• **Supplied material**:
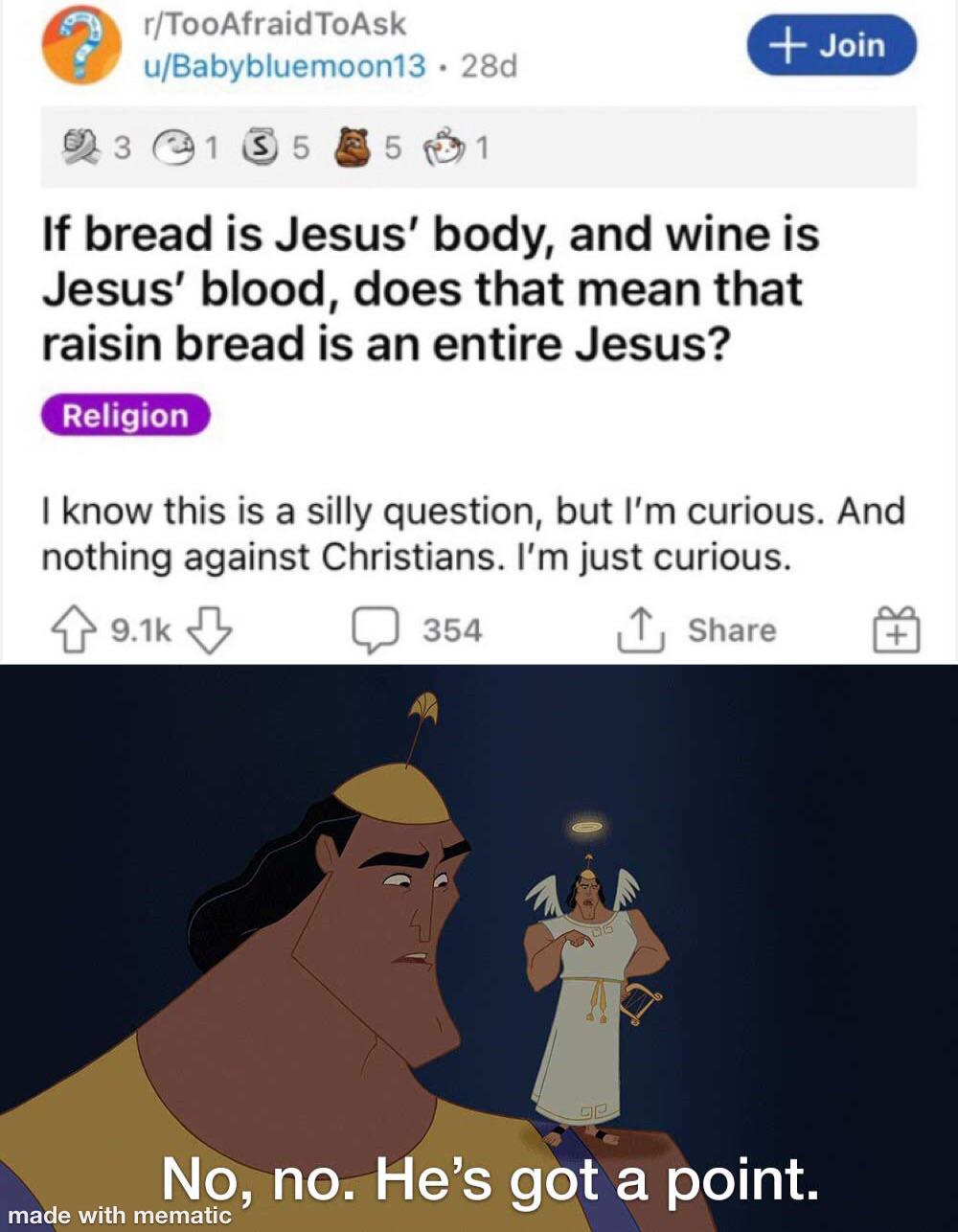 zedgeist@lemmy.world to memes@lemmy.world · 3 days agoConsecrated Host: Deliciouslemmy.worldimagemessage-square38fedilinkarrow-up1511
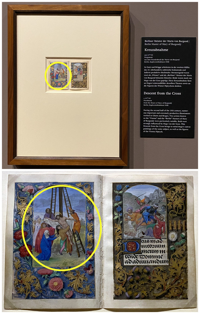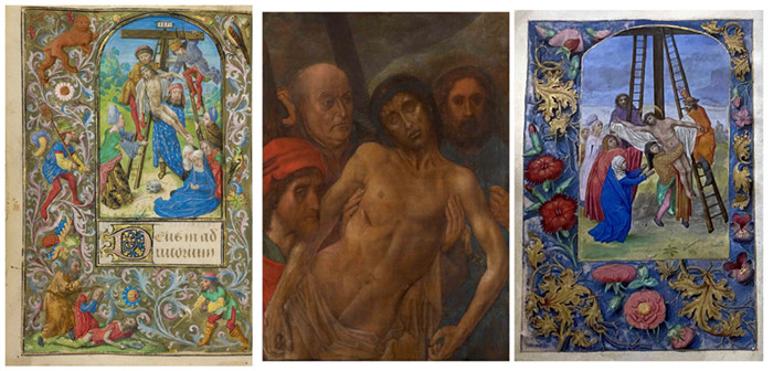 “卸下圣體”,左圖*:勃艮第的瑪麗大師(Vienna Master of Mary of Burgundy),約1470/80,美國洛杉磯蓋蒂中心藏品(Getty Center);中圖:雨果?凡?德?古斯,約1480;右圖:勃艮第的瑪麗大師(Berlin Master of Mary of Burgundy),約1477/82,羊皮紙,德國柏林國家博物館之版畫素描博物館藏品
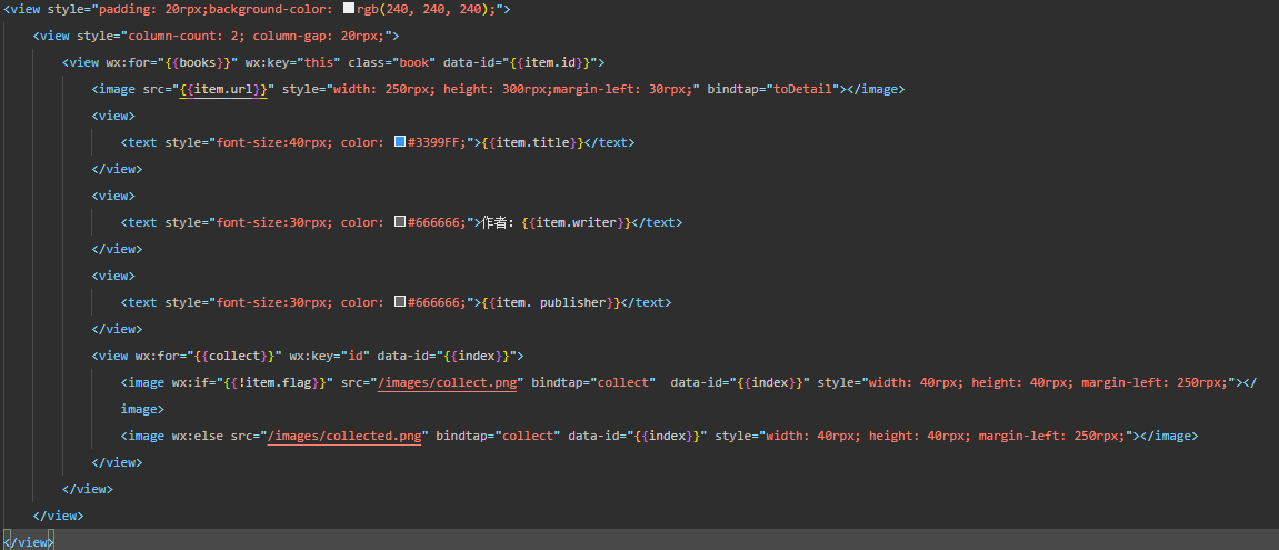 collect: { "黄昏里的男孩": true, "飞鸟集": true }wxml 里循环 books 时这一个

• **Work item**:
Write the material above out again exactly as it reads, but don't carry over the pictures.

• **Reply to the exercise**:
 zedgeist@lemmy.world to memes@lemmy.world · 3 days agoConsecrated Host: Deliciouslemmy.worldimagemessage-square38fedilinkarrow-up1511
 “卸下圣體”,左圖*:勃艮第的瑪麗大師(Vienna Master of Mary of Burgundy),約1470/80,美國洛杉磯蓋蒂中心藏品(Getty Center);中圖:雨果?凡?德?古斯,約1480;右圖:勃艮第的瑪麗大師(Berlin Master of Mary of Burgundy),約1477/82,羊皮紙,德國柏林國家博物館之版畫素描博物館藏品
 collect: { "黄昏里的男孩": true, "飞鸟集": true }wxml 里循环 books 时这一个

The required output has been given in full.